2.3 Behavioral assay
The defecation motor program was performed as previously described (D. Liu &
Thomas, 1994; Thomas, 1990). Ten to fifteen worms were moved to fresh NGM plate seeded
with OP50 bacterial lawn and were allowed to settle for at least 10 min for recovery. Ten
constitutive defecation cycles were observed from each worm. The pBoc and Exp steps were
recorded by the Etho program (James Thomas Lab website:
http://depts.washington.edu/jtlab/software/otherSoftware.html) (Liu and Thomas, 1994;
Mahoney et al., 2008).
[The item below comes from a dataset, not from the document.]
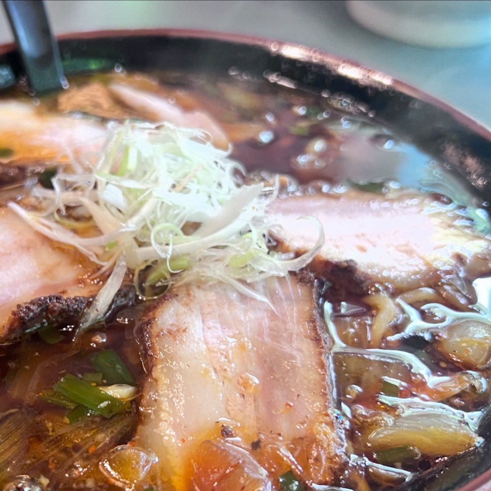 玉ねぎ、にんにくが大量に入っているスープにやわらかチャーシュー。
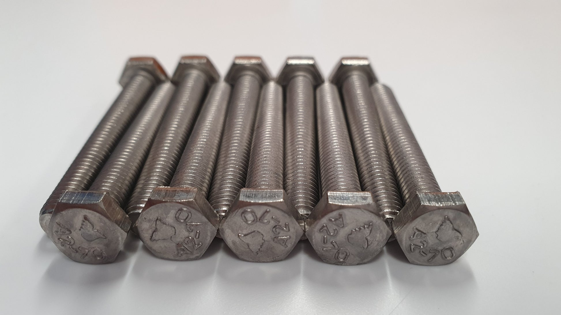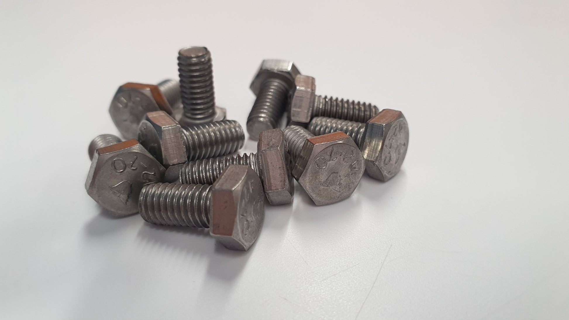 Metric M6 hex head bolts with 1.0mm thread pitch. Head is 10mm across flats.

Five to ten worms were assayed, and the mean and standard deviation
was calculated for each genotype. Statistical significance was determined between two
samples by using an unpaired two-tail Student’s t test with unequal variance.
2.4 Fluorescence imaging
Fluorescence imaging was done by using a Nikon eclipse 90i microscope equipped
with a Nikon Plan Apo 40x oil objective (N.A.=1.0), Nikon Plan Apo 100x oil objective
(N.A.=1.40), and a Photometrics Coolsnap ES
2
camera. Young adult worms were paralyzed
with 30mg/ml 2, 3-Butanedione monoxime (BDM, Sigma) in M9 buffer, and then mounted
on 2% agarose imaging pad. Metamorph 7.0 software (Universal Imaging) was used to
capture image stacks and to obtain maximum intensity projections. Fluorescence imaging in
the GABAergic motor neurons were performed in N2 or inx-1 mutant background. The
images were captured from the synaptic region of the DVB.
9
2.5 In vivo calcium imaging
The calcium imaging experiment was performed as previously described (Han 2013).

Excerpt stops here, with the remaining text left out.